In future research, efforts will be directed towards further expanding the practical applicability of the proposed algorithm to better support UAV systems in precision agriculture, thereby promoting agricultural intelligence and sustainable development. Specifically, the following aspects will be addressed:
1. This study will focus on the collaborative mechanisms of UAV path planning among various types of agricultural intelligent devices. Emphasis will be placed on the information interaction and operational coordination between UAVs and field sensing equipment—such as soil moisture sensors and microclimate stations—as well as variable-rate pesticide application systems.

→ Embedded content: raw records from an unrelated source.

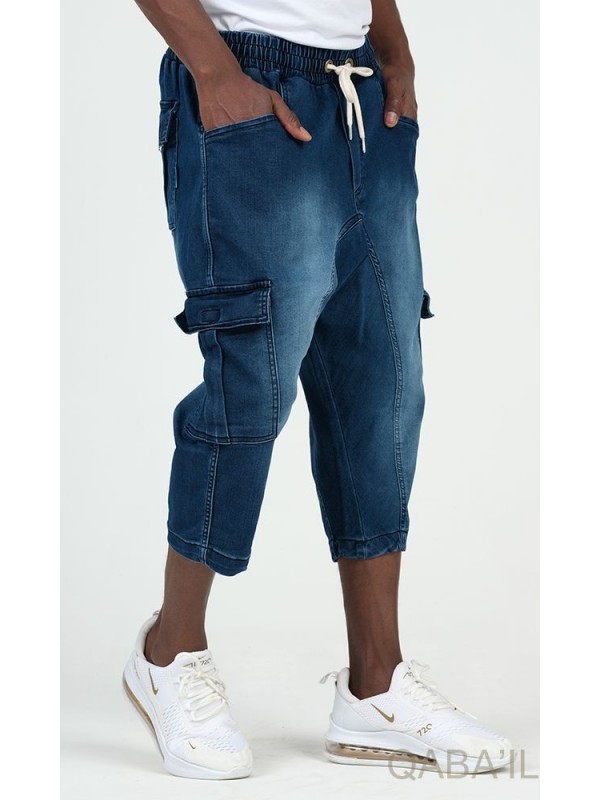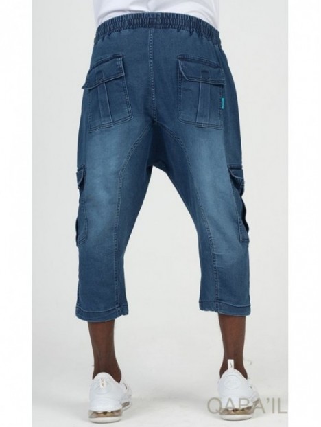 Pantalone cargo in denim elasticizzato 9114 blu grezzo - Qabail
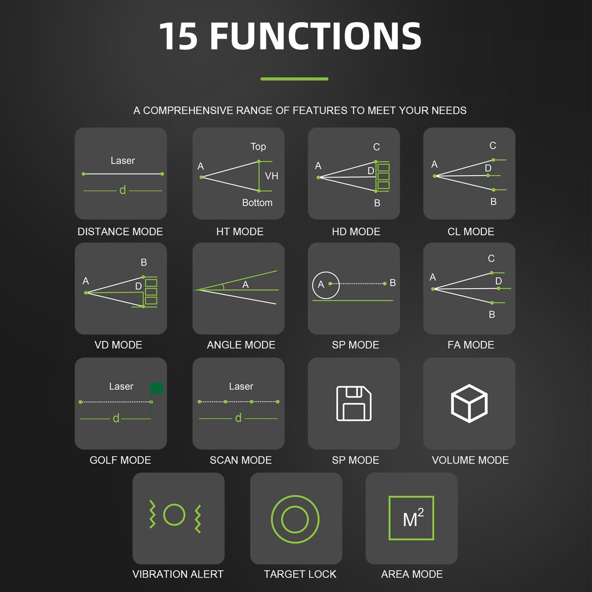 Multiple functions with Straight line distance, Vertical distance, Horizontal distance, Speed, Two-point height, Closest/Farthest distance, Area, Volume, Golf distance compensation, 20 sets of data storage, and more.
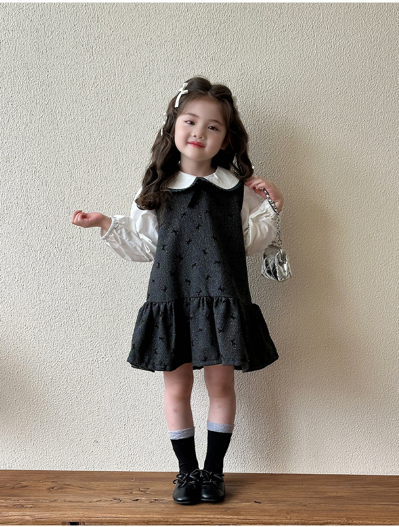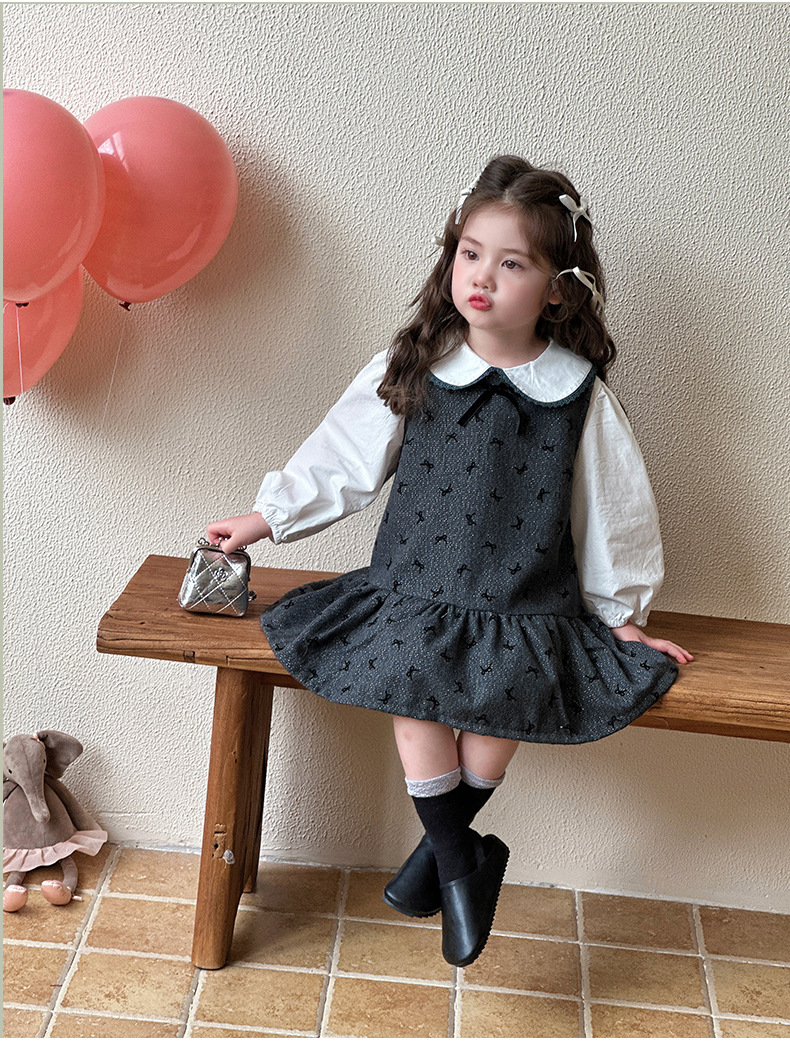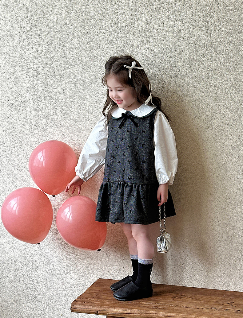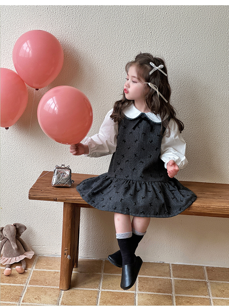 여자 봄, 가을 조끼 스커트 2025 새로운 어린이 달콤한 인형 셔츠 아기 소녀 가을 서스펜더 드레스스토어 가기
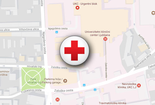 City center: on the left side of Dunajska Street (looking in the direction of Bežigrad district) via Prešernova Street, turn left onto Šubičeva Street, turn right onto Bleiweisova Street, continue onto Tivolska Street and onto OF Square, continue on Masarykova Street, then turn right onto Njegoševa Street OR via Gosposvetska Street, turn right onto Tivolska Street and onto OF Square, continue on Masarykova Street, then turn right onto Njegoševa Street.
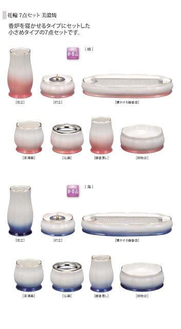 美濃焼 花輪7点セット(花立・灯立・線香皿・茶湯器・仏器・線香差し・供物台)・りん台3点セット
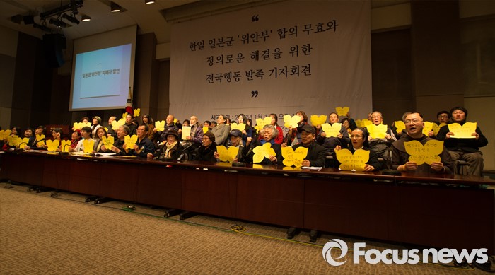 (서울=포커스뉴스) 한국정신대문제대책협의회와 시민사회단체가 14일 오후 서울 중구 프레스센터에서 시민사회단체와 학생, 예술 단체 등 사회각계각층이 참여하는 '한일 일본군 위안부 합의 무효와 정의로운 해결을 위한 전국행동' 발족 기자회견을 열고 있다.
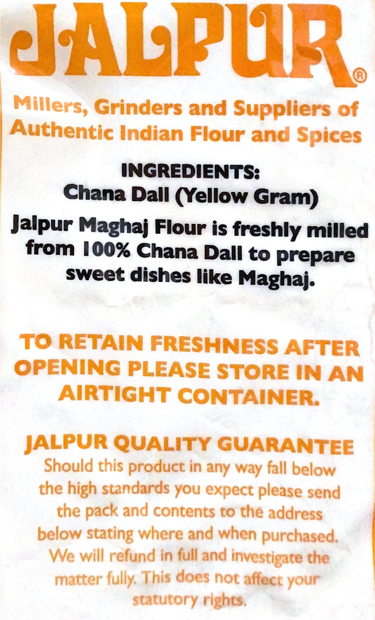 Jalpur products are packed and produced in a mill that handles wheat, gluten, nuts, peanuts, mustard, sesame and soya. All products are dairy free and suitable for vegetarians.
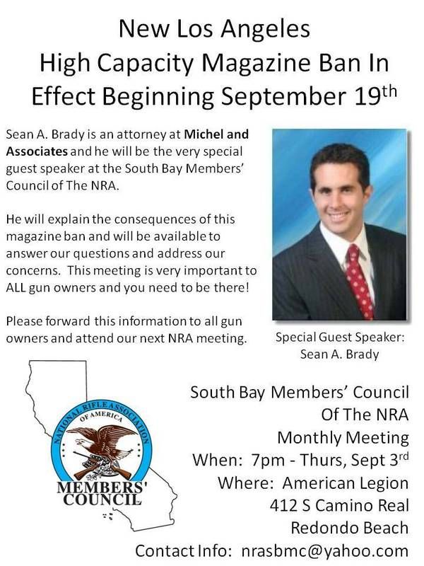 Our guest speaker this month will be SEAN BRADY from Michel and Associates! California #1 law firm in firearm arms law. Sean was at the Los Angeles City Council meeting last month when they voted to ban the possession of "high capacity" magazines. Sean is a member of our NRA legal team that will be filing a law suit to have this ban overturned.

By constructing a unified crop state perception and task collaboration framework, the coupling among multi-device platforms will be enhanced, facilitating the evolution of UAV operation systems from independent execution towards intelligent collaborative operation. This will provide crucial support for the integration and intelligent application of multiple agricultural devices in precision farming.
2. To meet the demands for efficient operations across large areas and multi-crop distributions, future work will consider coordinated path planning for multi-UAV systems. By integrating plot characteristics, crop requirements, and operational time window constraints, dynamic scheduling of multiple UAVs will be realized. This approach will offer algorithmic support for UAV swarm formation and zonal operations, thus advancing the large-scale deployment of UAVs in precision agriculture.
3. To further enhance the algorithm’s generalizability across diverse scenarios, subsequent research plans include incorporating real orchard point cloud data or digital elevation models (DEM) to embed terrain factors such as slope and undulation into the state space construction. This will enable three-dimensional path planning environments that more closely align with practical operational needs. Experimental evaluations will be conducted in irregular terrains such as hilly areas and orchards, providing more comprehensive empirical support for the model’s applicability in varied agricultural settings.